Systems Stuff: regular expressions, or: how I learned to stop worrying and love our near-future robot overlords

the stuff of magic

regular expressions have always amazed me. if there's one thing that's magical about programming, it's regular expressions. they can literally pull apart the written language of humans in elegant ways.

you may have heard of them, but maybe not. put simply, a regular expression (aka regex or regexp) is a way of taking apart a string of text and finding and/or extracting exactly what you want. it's very, very powerful, and they can be very intimidating to look at.

a regular expression is technically its own programming language, or better put, it's a parsing language. it goes through the text you provide to it and it parses out whatever you specify.

across the board, the core functionality of regular expressions are the same from language to language, but there are a few idiosyncrasies here and there. for the purposes of this guide, everything I show you should work similarly in PHP, Perl, Javascript, Ruby, and Python. However, I'm going to use Javascript as the primary example language, since it treats regex as its own object.

regular expressions are built into most every programming language in one way or another, so learning it once will help you most anywhere you are.

what for

regular expressions have a huge range of uses. it's one of the most powerful tools in the ol' nerd utility belt. but what are some practical uses?

searching through text for a specific string
replacing a specific string with another string
counting the number of times a string is within a block of text
making sure a person submitted an actual email address into a form
normalizing a phone number whether it was written as 555.555.5555 or (555) 555-5555 or 555-555-5555

pretty much anytime you need to do something specific with text, you'll probably need a regular expression. regular expressions can turn complex convoluted functions into one single regular expression clause.

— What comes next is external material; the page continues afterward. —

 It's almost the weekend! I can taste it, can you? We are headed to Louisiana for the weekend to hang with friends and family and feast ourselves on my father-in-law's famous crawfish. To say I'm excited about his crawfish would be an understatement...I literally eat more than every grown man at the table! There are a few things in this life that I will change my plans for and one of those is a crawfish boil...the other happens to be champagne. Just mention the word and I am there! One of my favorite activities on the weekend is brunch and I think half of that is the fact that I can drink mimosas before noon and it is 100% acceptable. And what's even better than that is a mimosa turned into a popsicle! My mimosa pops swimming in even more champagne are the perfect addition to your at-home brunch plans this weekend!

here's a very simple regular expression. remember, this is javascript, as an example.

var sometext = "Hello there!";
var regex = /there/;
if (regex.test(sometext)) {
  alert('oh boy!');
} else {
  alert('nope.');
}

so what are you seeing? first, we make a variable with just a string. that's fine. but then after that we have another variable -- and it's surrounded by /s?

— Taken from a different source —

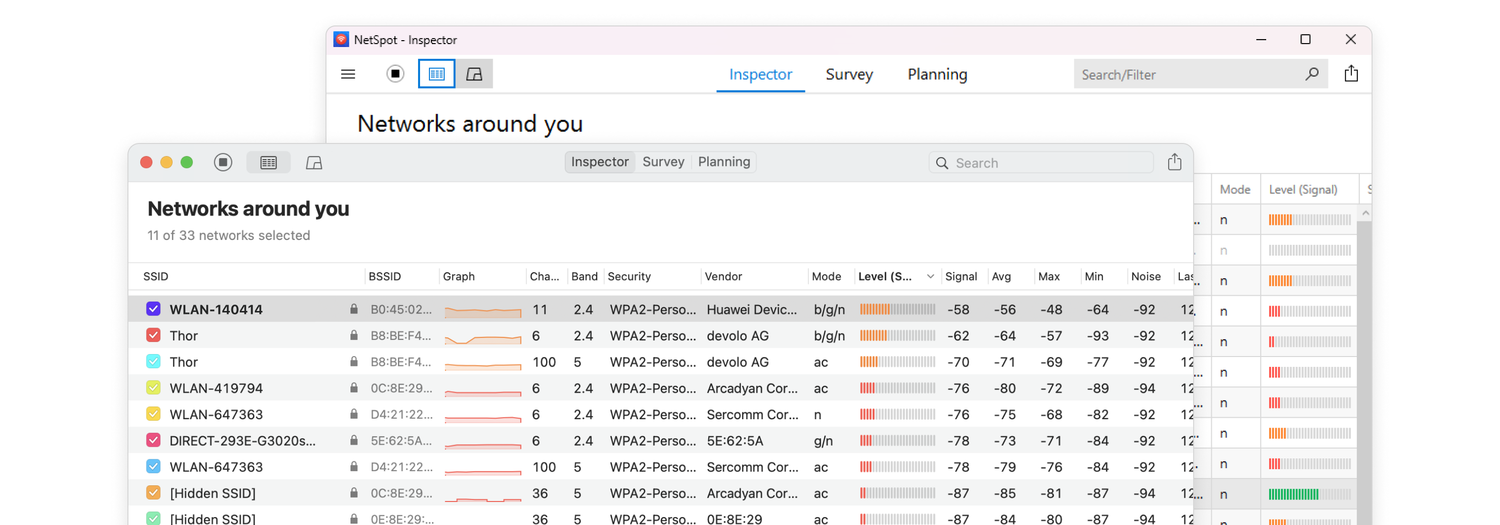 Easy navigation between comparison graphs. Customizable signal level and noise charts display changes in real time. Locate your busiest and least occupied channels.

traditionally a regular expression is contained within / characters. they denote the beginning and end of the expression. in other languages (like PHP) the regex is contained within a string, but it'll still have the starting / and the ending /

right now, the regular expression is simply the word there. that's it. nothing special about it.

the if statement uses the RegExp object's test() method, which tests the regular expression on the provided string. So we gave it the first variable and said "does the regular expression return anything?"

Of course, the word there is indeed inside the string Hello there! so if you ran this in a browser, you'd see the Oh boy! alert box.

let's go deeper

so yeah, using just text inside a regular expression is fine, but that's not very interesting. you begin to unlock the true power of regex when you start using metacharacters, quantifiers, modifiers, and brackets.

we'll look at them one at a time! they're so exciting. let's start with something easy: modifiers. these affect the whole expression. let's try a different example than above:

var sometext = "Hello there!";
var regex = /hello/;
if (regex.test(sometext)) {
  alert('oh boy!');
} else {
  alert('nope.');
}

ok so all we changed was the regex from there to hello... if you run it, it won't work! Why? well, there is no hello in that string. There's a Hello... which has a capitalized H. so it's not the same. haha.

but say we don't care about case-sensitivity (case-sensitive means every character needs to be exactly-so) and we just want it to match either hello or Hello or even heLLO...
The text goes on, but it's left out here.